Wednesday, February 11, 2009

Congress Cuts Its Own Pay - sort of

I recently wrote about Utah legislators cutting their own pay by 10%. Congress has gotten the message that something like that would be a politically savvy move, given the current state of the economy (see SL-Trib article). Congress is opting to forego its automatic annual pay raise next year. (That won’t stop them from otherwise spending taxpayer money like drunken sailors.)

Rep. Jim Matheson (D-UT) has long been an opponent of Congress’ automatic pay increase. Every term since coming to office he has introduced legislation that would do away with this “secretive pay system” in favor of an actual public person-by-person vote on the matter. This, he says, would introduce true accountability, because constituents would know how each federal legislator voted on the matter. And every term (regardless of which party has been in control), Matheson’s proposal has been panned.

The fact that Congress isn’t going to take the automatic increase for one year doesn’t mean that Matheson’s perennial proposal has gained any ground among his congressional colleagues. Most of them see the current measure as a way to bolster their political standing with voters. Few of them are interested in actually being accountable for setting their own pay.

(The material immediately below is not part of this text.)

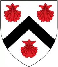 Arms of Pollard of King's Nympton: Argent, a chevron sable between three escallops gules[1]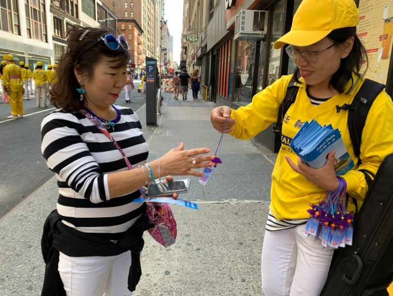 ![]() 图4:韩裔民众很高兴接过法轮功学员赠送的小莲花。 |

Still, Matheson persists. Each time he receives an automatic pay raise, he donates the increase to charity that year. Even this is somewhat of a political stunt, because he keeps that amount the following year, meaning that he is perpetually one year behind his colleagues on the congressional pay scale. But each year he does put his money where his mouth is. This year, it cost him $4,700.

It would be wonderful if Matheson’s vote-for-each-raise proposal were to actually get some serious consideration. Perhaps it would be a good idea to make a candidate’s support of this concept one of the criteria we use when deciding whether she/he deserves our support or not.

3 comments:

y-intercept said...

The move is politically savvy and it helps in the self-righteous attacks against CEOs.

The stange thing is that this praxis is at odds with the fundamentals of a stimulous package. The whole stimulus thing is premised on the idea that the government must create an artificial jolt of spending to stop the economic funk.

Instead they are giving us mixed message about how we must all cut back to make the artificial spending spree work.

The wiser move would have been to cut future pay.

As for Matheson's plan: The two problems I see with regular votes on pay increases is that politicians will use the events to grandstand (as they are doing now). Pay raises make a lot of noise but is not really that substantive of an issue. The second problem is that the periodic votes on pay simply provide yet another opportunity to stuff bills with pork and earmarks.

Anonymous said...

Congressional pay raises don't make a dent in the economy. I'm glad they decided to take a pass this year but I'm not fooled - it's a stunt from a bunch of people who can afford it.

I hope Mathesons's bill does gain traction and any candidate who would support that bill would go a long way towards receiving my support. (I won't let that trump all other issues, but I would weight it heavily.)

Scott Hinrichs said...

Congress used to take an up or down vote on raising its own pay. There was no pork in it. You either voted for or against (or present on) the pay raise. Whichever way you voted, you were on record. This provided a significant disincentive for federal legislators to vote yes.

While it is true that congressional pay amounts to virtually nothing when measured against the entire federal budget, it is symbolic of the attitudes toward federal spending.

Similarly, all earmarks together amount to only a small portion of federal spending, but they are like the tip of the iceberg. The earmark factory demonstrates everything that is wrong about our federal house fiscally.

If these little things are done right, there's a better chance that the big things will be done better.